Of the remaining reasons that respondents picked for never having used a telematics program, privacy concerns remain significant with almost half of the respondents that were aware of these programs choosing not to use them for this reason. Also, of those respondents that were aware of telematics, UBI, or PHYD programs, over one fifth just didn’t see the value in them.
We then asked respondents if they would be open to using a mobile application from an independent third party that could offer them a premium based on how they drive, how much they drive, and what kind of car they drive. When asked to choose multiple reasons for why they would use such a mobile application, 65% of them said that they would, with over two thirds of those that would, 67%, indicating that one of the reasons that they would is because they believe that their insurance should be based on their driving habits alone.
When broken down by age group, the number of respondents who would use a mobile app to measure their driving was fairly even across all ages. This runs counter to previous surveys that showed that openness to mobile application usage for auto insurance heavily skews younger. This could imply that the right product can capture not just new, young drivers, but help insurers acquire customers with an already proven track record of driving safely.
Finally, we asked respondents what features they would like to see in a mobile application that determines a fair price for an insurance premium based on their driving behavior. Not surprising was that over half wanted notifications when they could get a cheaper insurance premium. As far as privacy goes, protecting personal data, and for a third party to not share things directly with their insurer, is the second priority for respondents.
Even after privacy concerns, many of the features that respondents value can ultimately help them save some money, whether it’s to improve their drive to eventually save on premiums, or alerts when there’s cheap gas in their area or along the route that they’re driving.
Putting all of this together, there is a potentially significant opportunity when it comes to usage-based, telematics, or behavior-based insurance. With the right technology partner, one focused on helping drivers pay a fair premium for a policy based on how, or how much, they actually drive, it is possible to acquire customers across all demographics; not just acquiring new drivers through digital channels focused on younger cohorts. Because awareness of UBI is still quite low, it’s definitely possible to catch the attention of drivers by engaging them digitally with truly value-added services that are perhaps outside the traditional domain of auto insurance.

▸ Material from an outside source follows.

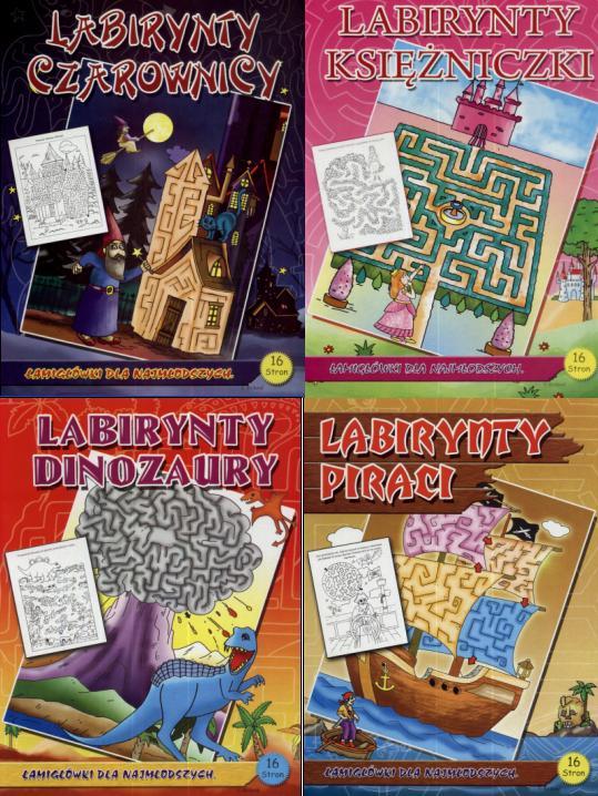 Te tematyczne labirynty wspaniale rozwijają wyobraźnię dziecka. Dziecko pokonuje różne przeszkody, odnajduje drogę, szuka skarbów razem z piratami, dinozaurami, księżniczkami lub wiedźmami. Kolekcjonuj wszystkie 4 rodzje labiryntów, a także inne łamigłówki oraz malowanki.Labirynty czarownicyLabirynty księżniczkiLabirynty dinozauryLabirynty piraci

That’s what we at Allegory have been hard at work building: a new approach to engaging drivers not just to help them cut costs to save a few bucks on premiums, but a digital platform to provide people direct value. This means that while we’ve built unique technology to measure the risk of a driver to insure, we’ve coupled it with a full infrastructure so that our insurance carrier customers can accelerate their UBI plans, and hit the ground running to capture customers that appreciate the value that they can offer.
 Accenture Financial Services. "The Voice of the Customer: Identifying Disruptive Opportunities in Insurance Distribution" 2017 Global Distribution & Marketing Consumer Study.